[[ The data, beginning ]]

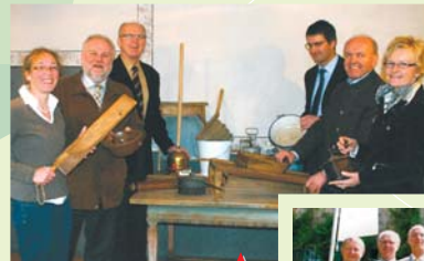
Hof zum Anfassen Fladungen
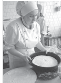
Нальчикде Къабарты-Малквар гуманитар-техника колледжде сауукъл жаны бла чекленген онглары болгъанлары «Абилимпикс-2019» деген ючюнюк регион чемпионатлары бардырылганды. Юч конюню ичинде (20-22 июнь) конкурсантла – битеу да 70-ге жуукъ адам – «школчу», «студент» эм «специалист» деген кызуумлада эришгенди, «тегерек столлагъа», торлю-торлю усталыкъларга кьре кыралгъан мастер-классла кытышхандыла.
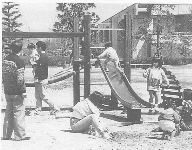
一人ひとりが時間と心にゆとりのある豊かな生活の創造を
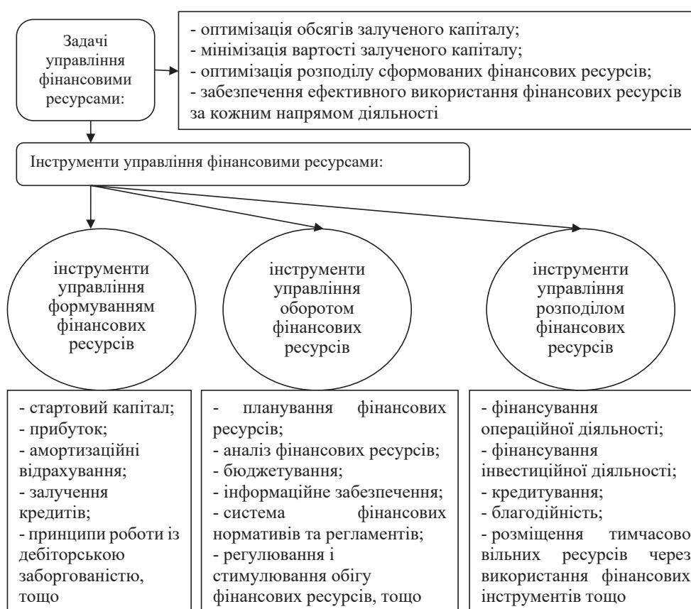
Рисунок 4 – Управління фінансовими ресурсами у розрізі груп інструментів (узагальнено авторами на базі

[[ The data, end ]]

*Problem*
When a line carries an image, skip the image and repeat everything else above exactly as written.

*Exercise result*
Hof zum Anfassen Fladungen
Нальчикде Къабарты-Малквар гуманитар-техника колледжде сауукъл жаны бла чекленген онглары болгъанлары «Абилимпикс-2019» деген ючюнюк регион чемпионатлары бардырылганды. Юч конюню ичинде (20-22 июнь) конкурсантла – битеу да 70-ге жуукъ адам – «школчу», «студент» эм «специалист» деген кызуумлада эришгенди, «тегерек столлагъа», торлю-торлю усталыкъларга кьре кыралгъан мастер-классла кытышхандыла.
一人ひとりが時間と心にゆとりのある豊かな生活の創造を
Рисунок 4 – Управління фінансовими ресурсами у розрізі груп інструментів (узагальнено авторами на базі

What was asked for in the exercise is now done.